**PROVIDED DATA:**
-*-

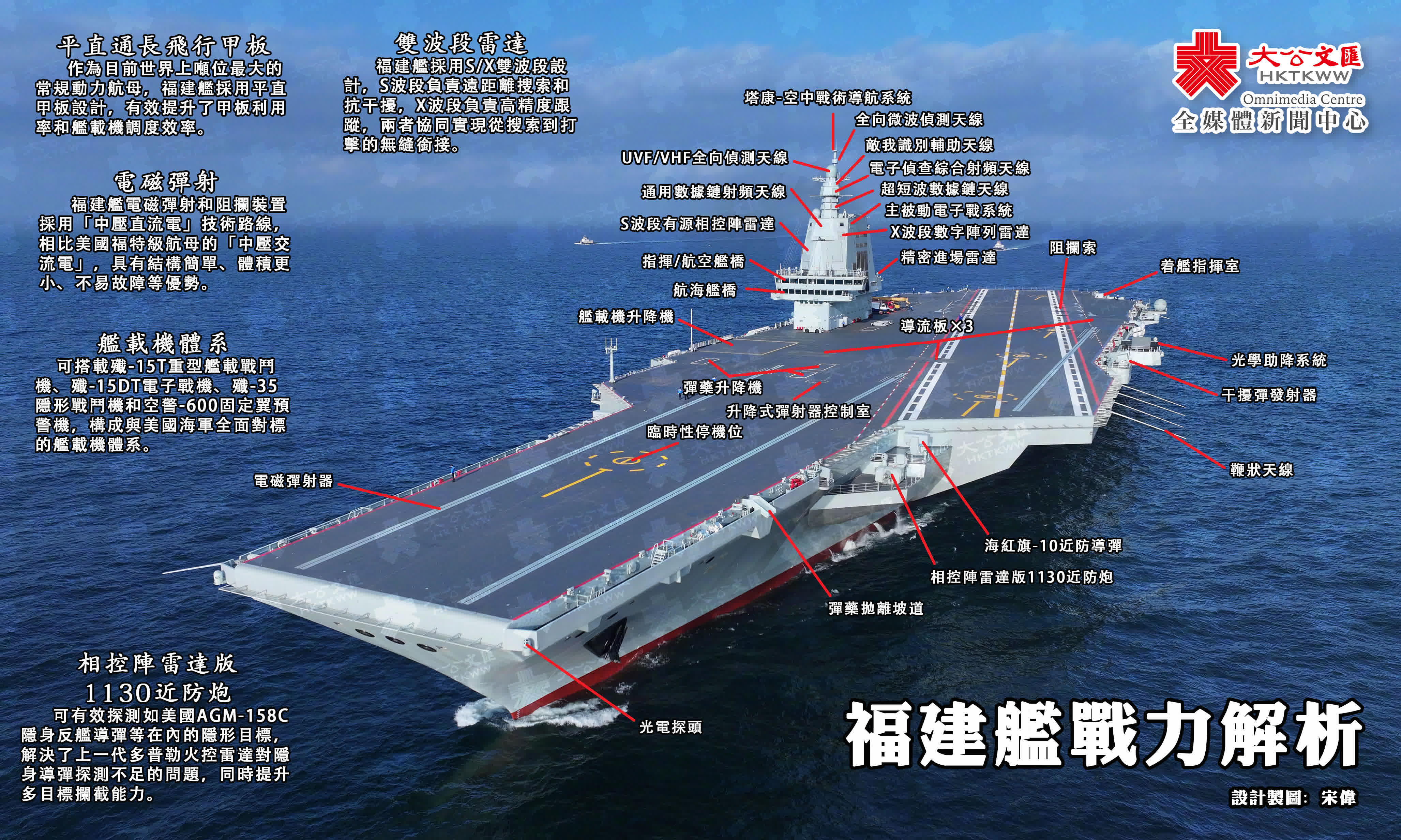 福建艦是我國第一艘電磁彈射型航空母艦,也是我國第三艘航空母艦,舷號為「18」,2022年6月下水命名。福建艦由我國完全自主設計建造,其電磁彈射技術處於世界先進水平。
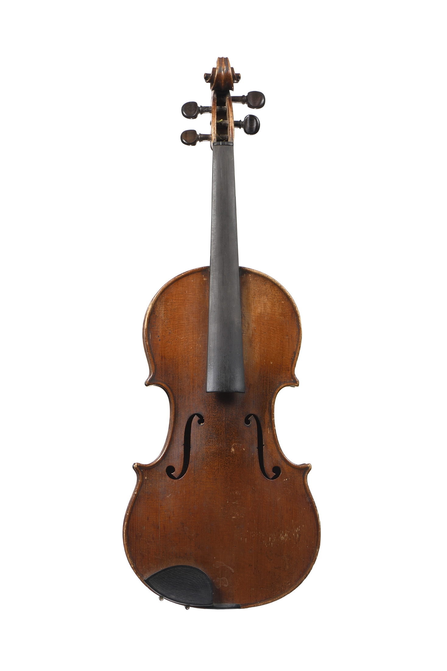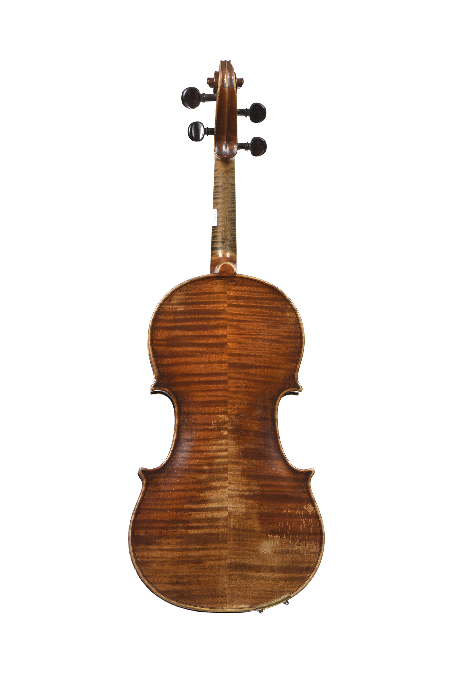 portant une étiquette "Copie de Antonius Stradivarius 1721". Fond de deux pièces en érable. Vernis brun sur fond doré. Avec boite et archet. 360 mm.
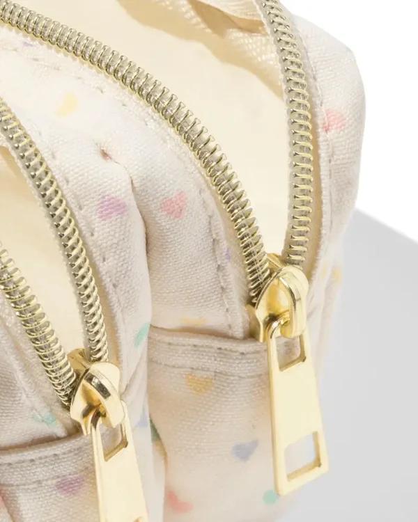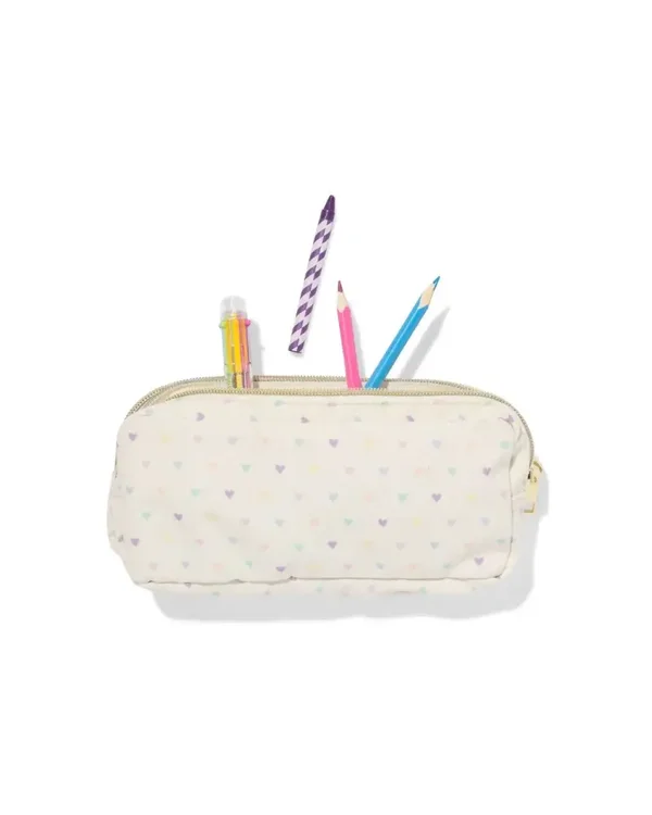 La couleur crème est décorée de petits cœurs colorés. Grâce aux doubles compartiments, vous pouvez emporter tous vos crayons 🖍 ou même vos maquillage 💄 de manière organisée, ce qui est idéal pour l'école ou les sorties 😉👍
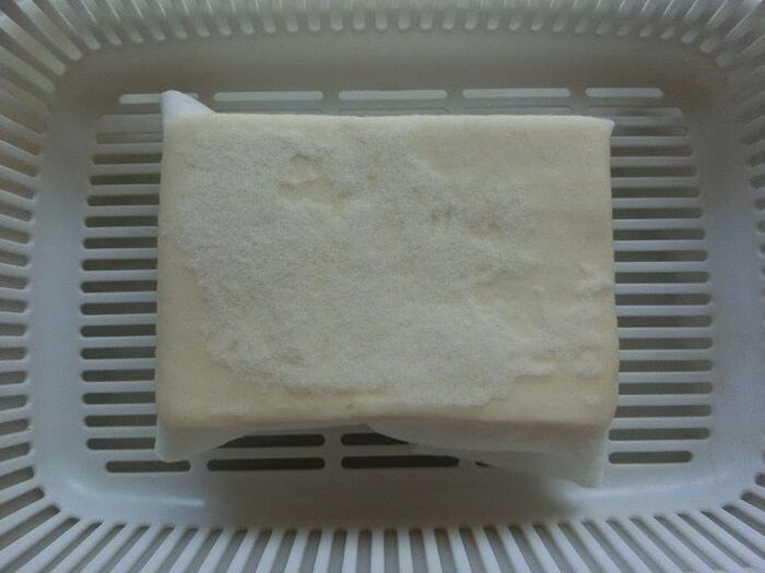 豆腐はキッチンペーパーに包んで重しをし、水切りをします。

-*-

**WHAT THE TASK REQUIRES:**
Give back the listing word for word, minus its images.

**RESULT OF THE EXERCISE:**
 福建艦是我國第一艘電磁彈射型航空母艦,也是我國第三艘航空母艦,舷號為「18」,2022年6月下水命名。福建艦由我國完全自主設計建造,其電磁彈射技術處於世界先進水平。
 portant une étiquette "Copie de Antonius Stradivarius 1721". Fond de deux pièces en érable. Vernis brun sur fond doré. Avec boite et archet. 360 mm.
 La couleur crème est décorée de petits cœurs colorés. Grâce aux doubles compartiments, vous pouvez emporter tous vos crayons 🖍 ou même vos maquillage 💄 de manière organisée, ce qui est idéal pour l'école ou les sorties 😉👍
 豆腐はキッチンペーパーに包んで重しをし、水切りをします。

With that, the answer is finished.